В последнюю свою ночь они в полумраке лежали рядом. Поскребся в дверь Цезарь. Гай впустил его, и собака улеглась на соломенном коврике у кровати.
Мар спросила:
— Ты возьмешь Цезаря с собой в яхту?
— Конечно.
— Если хочешь, я возьму его с собой в самолет.
— Нет, он любит море.
— Я тоже.
— Мы же договорились с тобой, Мар.
— Я знаю. Но мне вдруг почему-то показалось, что завтра ты уедешь и я уже никогда не увижу тебя.
— Завтра вечером я буду в Нью-Йорке.
— Нет, я тебя никогда не увижу. — Она прижалась к нему, и он почувствовал, как шевелится у нее в животе ребенок.
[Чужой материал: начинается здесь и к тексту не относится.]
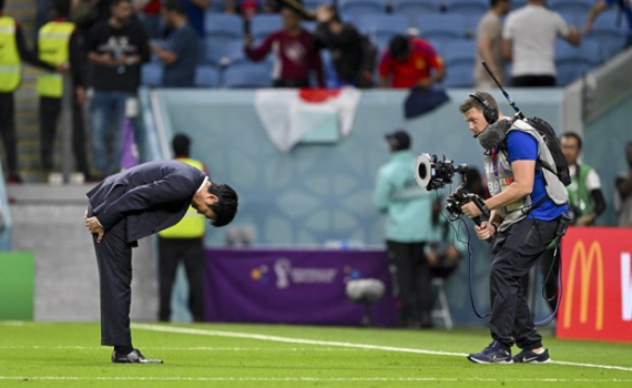 Huấn luyện viên Hajime Moriyasu đã "gây bão mạng" với hình ảnh cúi gập người cảm ơn các cổ động viên sau khi đội tuyển Nhật Bản phải chịu dừng bước trước...

Он сказал:
— Не волнуйся, все будет хорошо. Я договорился с Фониксом, чтобы к нашему приезду все было готово. Они в курсе дела, и твоя история болезни уже там. Тобой займутся лучшие врачи и акушеры.
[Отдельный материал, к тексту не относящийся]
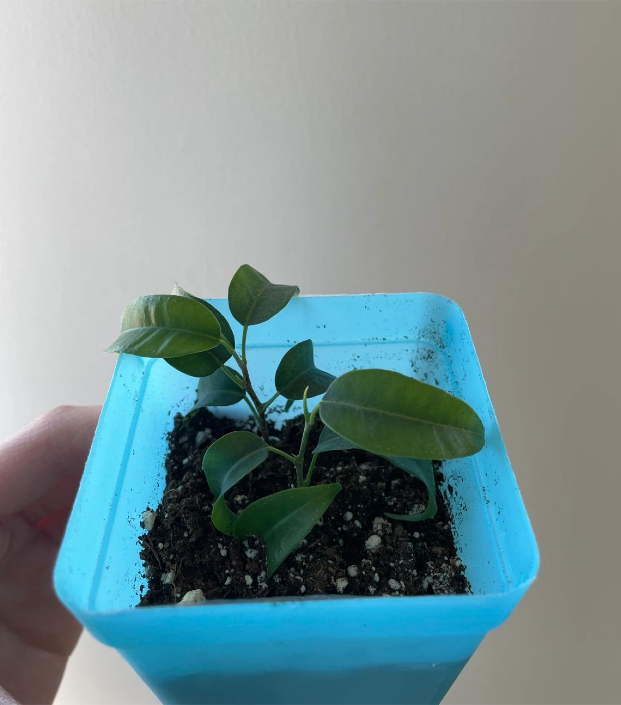 2 Small Ficus Benjamina in Blue Pot

— Я тебя не увижу, — сказала она просто. — Я полечу в Нью-Йорк и больше тебя не увижу.
Над Ла-Гардиа висел густой туман, поэтому самолету целый час не разрешали посадку. Когда он, наконец, сел, то отскочило шасси и самолет врезался в крайнее здание, раздавив десятки людей. Она, впрочем, не пострадала и немедленно села в лимузин до Манхэттана. Проезжая через туннель «Мидтаун», лимузин потерпел аварию, и все погибли, кроме нее. Потом она тонула в бурной Восточной реке, но была спасена буксиром, который тут же дал течь и затонул. Выбравшись, наконец, на берег, она взяла такси, которое немедленно сбил бензовоз. Целой и невредимой она добралась до гостиницы и села в лифт. Но лифт упал с четырнадцатого этажа. И ей пришлось подняться на четырнадцатый этаж пешком. Она очень устала. Оказавшись в комнате, без сил опустилась на стул и сидела в ожидании всю долгую-долгую ночь. А на рассвете ей сообщили, что какой-то доктор Гай Монфорд, направляясь на яхте из Нантукки в бухту Лесная, поскользнулся на мокрой палубе и умер на месте, ударившись головой о башмак.
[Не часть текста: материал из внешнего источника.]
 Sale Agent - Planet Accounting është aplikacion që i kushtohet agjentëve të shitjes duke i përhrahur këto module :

Мар проснулась и стала смотреть в темноту. Когда рядом зашевелился Гай, она спросила:
— Милый, металлическая штука, которую используют как полуклюз для швартов или якорной цепи, — называется «башмак»?
— Да.
— Смотри, будь поосторожней с этим старым «башмаком».
— Хорошо.
— Не падай, милый. Ради бога, не падай.
Она долго лежала без сна, занятая своими женскими мыслями, потом, наконец, уснула, прижавшись к Гаю и положив ему руку на грудь, чувствуя, как возится между ними ребенок, уснула с мыслью о том, что вопреки ужасному сну завтра вечером они все-таки будут вместе.
Глава XXXVIII
В пять утра в небе еще висела бледная круглая луна. Мар приготовила на завтрак яичницу с колбасой, и они молча ели. Она была в домашнем халате, с распущенными по плечам волосами и совсем без косметики, и Гай подумал, что в ней уживаются два очень разных человека: вечером — это прелестная, сдержанная, даже холодноватая женщина с тщательно уложенными волосами и ярко накрашенным ртом, а утром — мягкая, доверчивая, как ребенок, и такая родная.